For me, this means that normal everyday situations like going to a class, on a date, grocery shopping, ANYWHERE is a problem for me and generates varying levels of anxiety. This anxiety often intensifies if I am situated in the center of a large open room, or become the center of attention. The place I feel safest is lying curled in a ball, in the bottom of an empty bath tub, in a locked bathroom. If its an en suite bath within a locked bedroom, even better.

Fortunately for me I work from home and have a Prime account through Amazon so my interaction with the outside world is minimized. I don’t have to venture out unless I’m feeling up to it and my social interaction is negligible.

Unfortunately this means my social interaction is negligible and as a result I spend periods of time profoundly lonely yet unable to connect to anyone without retreating to the tub.

I honestly don’t know how I’ve survived this long with so many blatantly conflicting personality traits. Seriously, I’m as surprised as you. Anyway.

Agoraphobia, like most phobias, is irrational and wholly incurable. But it can be treated.

My goal for the past few months has been to rehabilitate myself (mainly because therapy, where I get help from people with degrees shinier than mine, just doesn’t work for me, but that’s a whole other thing).

I have been working on my phobia mainly with the help of my friend Jo and my local blues dancing scene. Social dancing is a surprisingly welcoming environment where for the most part I can convince myself I’m totally safe and in control while simultaneously meeting people and participating in things outside of my apartment.

And if we’re being honest, I’m good at feigning knee and back injuries to get out of dancing with people once I’m at my social limit for the night.

AND, I mean, there’s always a bathroom to hole up in if things get really out of hand.

Now, I’m not saying it’s a perfect environment. Going dancing is hard for me in a lot of ways (that I may touch on at another time) and the first time I went I had heart palpitations so hard and fast they hurt and we left 90 minutes early. But I’ve been gradually working myself up and this last weekend I brought 2 friends with no blues (or in Kay’s case, dance. period.) experience to an event and STAYED THE WHOLE NIGHT.
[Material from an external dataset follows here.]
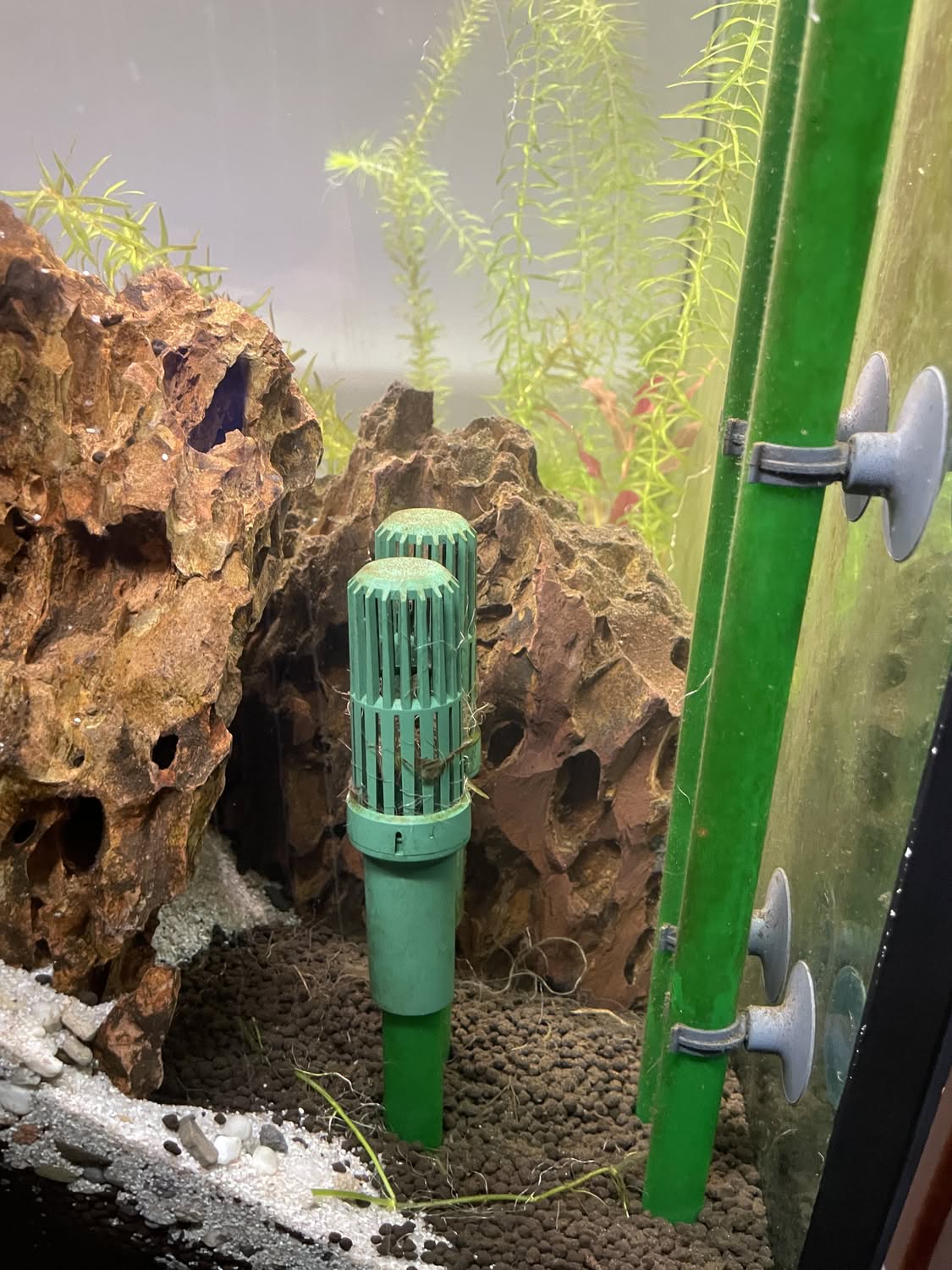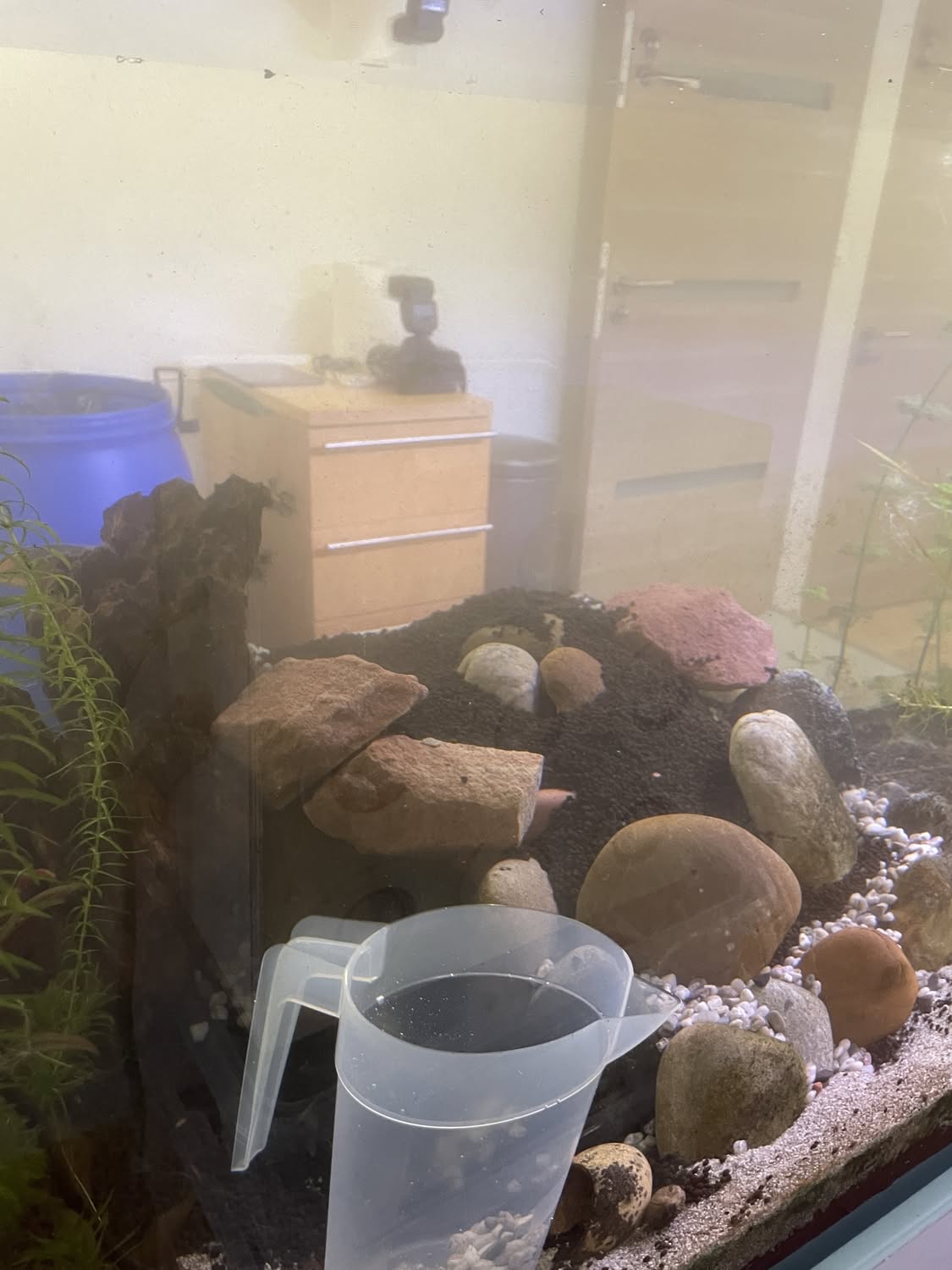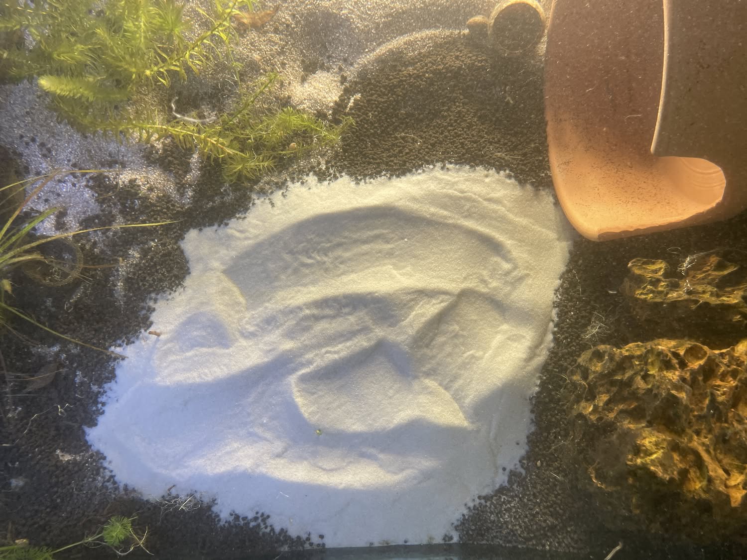 Pour la cyano coincée contre la vitre, je pense qu'elle est morte, mais je vais faire un test à un endroit. De ce côté je n'ai pas de lumière venant de l'extérieur c'est un couloir sombre, donc la lumière qui arrive dans le sable/substrat provient uniquement de l'éclairage du bac, par diffraction dans la vitre, donc cacher le côté extérieur n'aura pas d'effet. L'idéal serait de creuser le long de la vitre, je ferais un essai pour voir si c'est galère.

Not only that, but I danced with someone who TEACHES blues and lindy hop (thank God I found this out LATER or I would’ve been too busy hyperventilating to take his hand in the first place), who is tall and handsome, and just altogether intimidating as can be to someone like me.
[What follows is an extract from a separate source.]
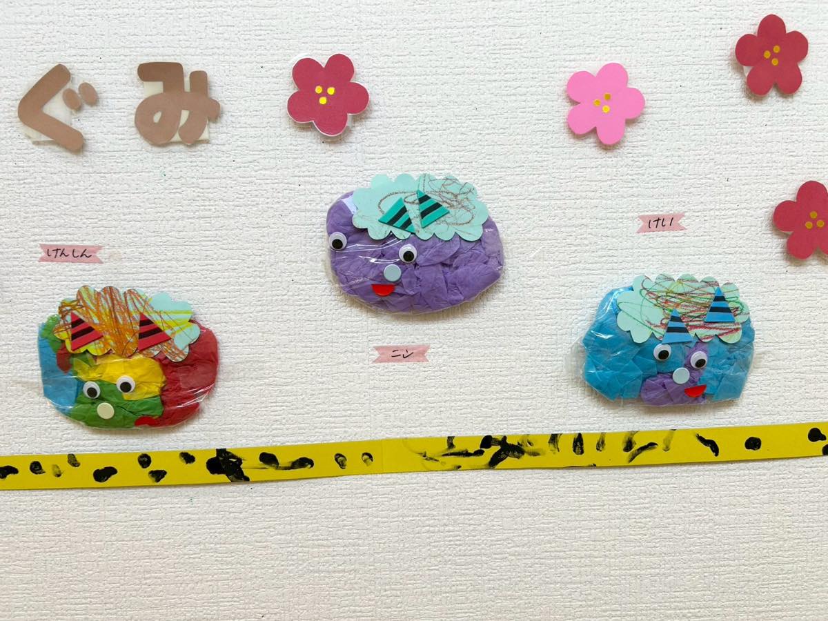 色紙を丸めて立体的に、目玉も飛び出て見えませんか?

The point is, though, I succeeded.

BUT, because I’m human, I also have setbacks. The biggest one has probably been something no one noticed.
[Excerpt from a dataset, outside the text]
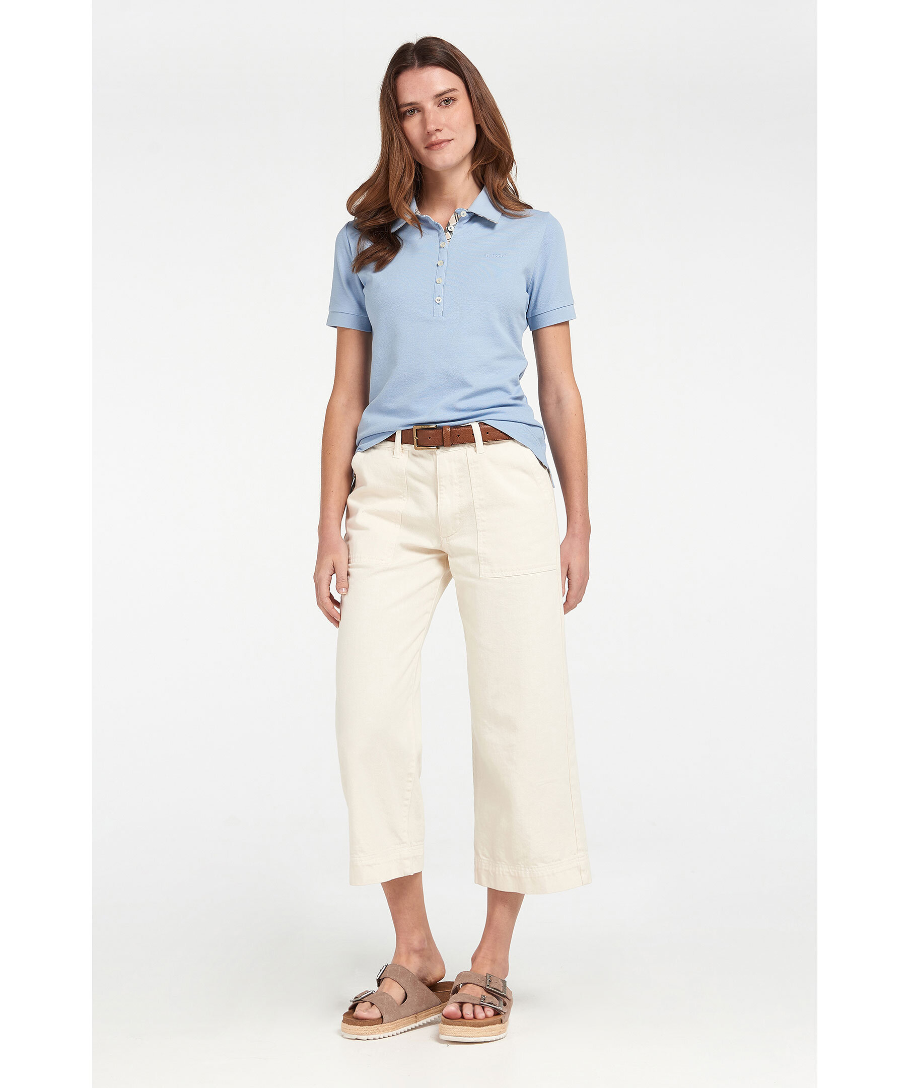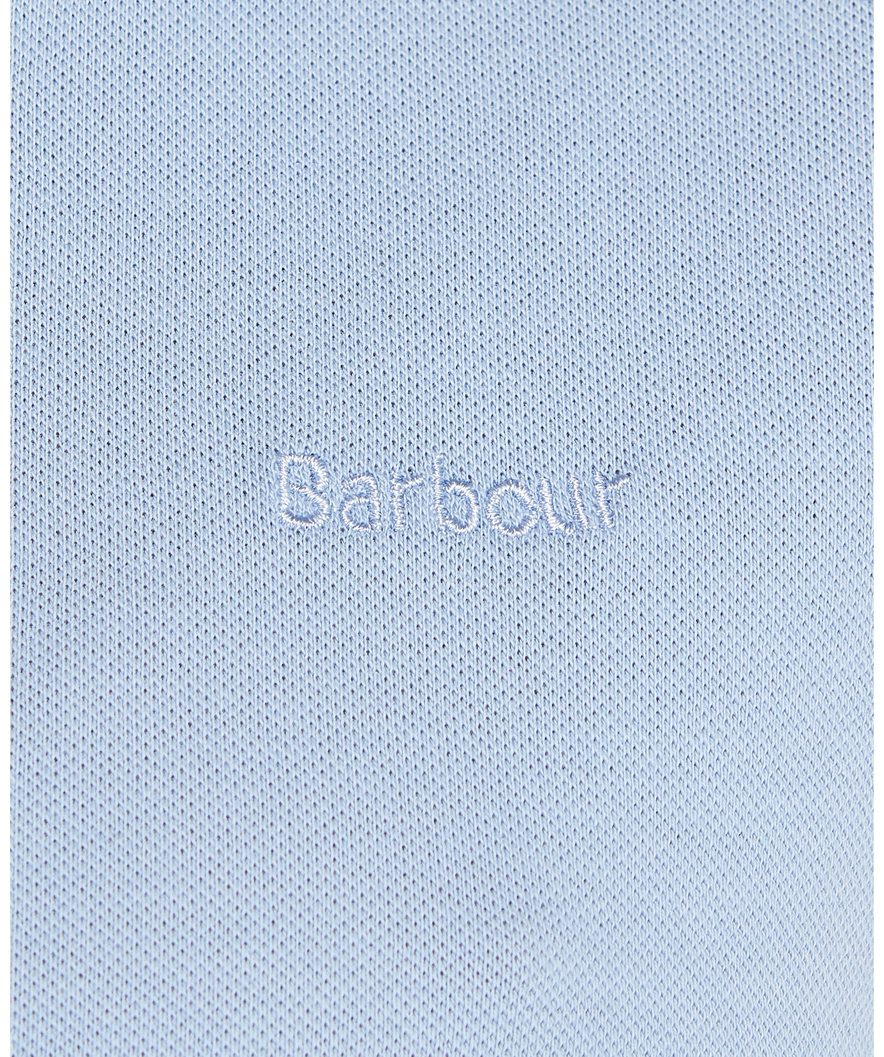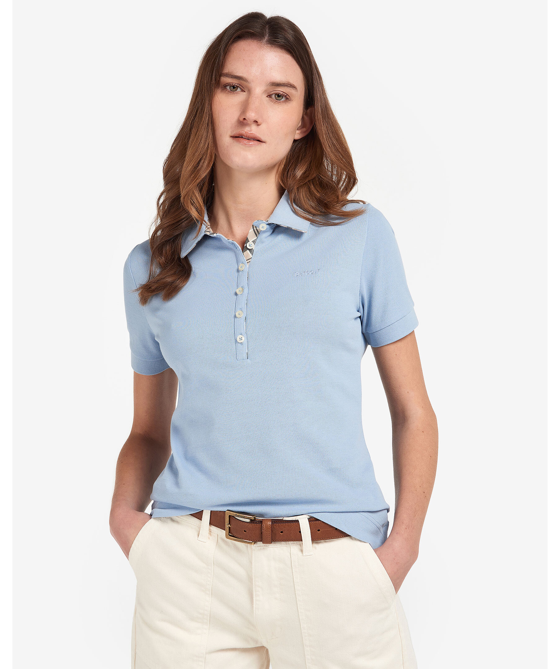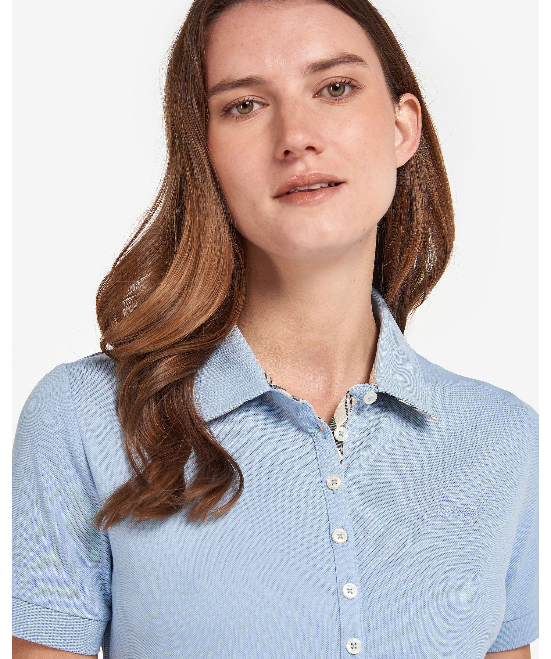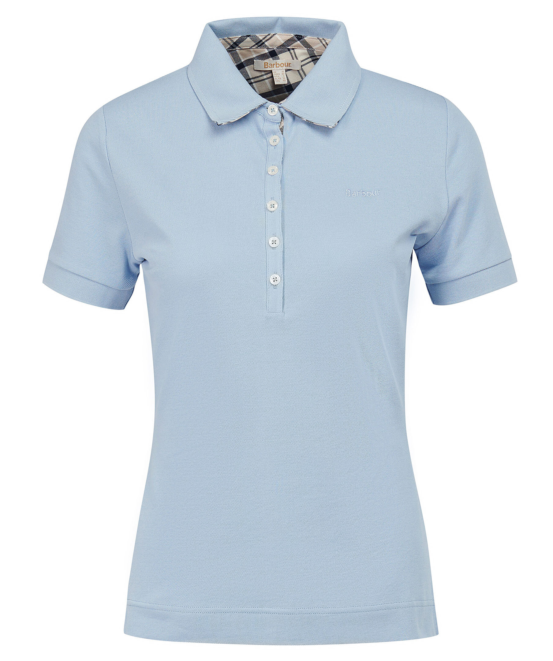 Ljusblå, klassisk pikétröja i en feminin passform från Barbour. Tillverkad av ett mjuk stretchigt bomulltyg. Krage med rutigt tartan-mönster undertill som även finns under knappslån som syns när man öppnar upp den djupa knäppningen som har sex vita knappar fram. Ribbad kant i ärmsluten och en tonalt broderad Barbour-logga på vänster sida av bröstet.

I haven’t posted a blog in 3 days and that one was pre-written.

I was good about posting each day until that point. Now this probably isn’t agoraphobia related persay but I’m in charge here, and so the internet counts as “places or situations from which escape might be difficult”. Blogging causes me a certain amount of anxiety as a result, so, shush. It counts.

I have a bad habit of writing things and then not posting them because “no one cares” or “it sucks” or “what if they hate it” or “I’ve reread it ten times and have built in spell check on all things I type on this computer but there could still be a typo.”

I have 5 separate posts in varying stages of “postable” saved as drafts here and in the last few days I couldn’t work up the guts to post anything. In my jubilation from the weekend, I became very delicate and couldn’t handle “failing” at this to ruin my high.

Yeah I know, who fails at blogging?

This is essentially the online equivalent of my mumbling to myself in public.

But still, I’m afraid I’ll fail. So instead of posting one of the thousand ideas I’ve had over the last 3 days, I sat at my computer and clicked through my five drafts before closing the wordpress window.

I’d come back to the site an hour later and repeat the process. Finishing nothing.

So here we are: a step forward, a step back. Me in a nutshell. NO MORE!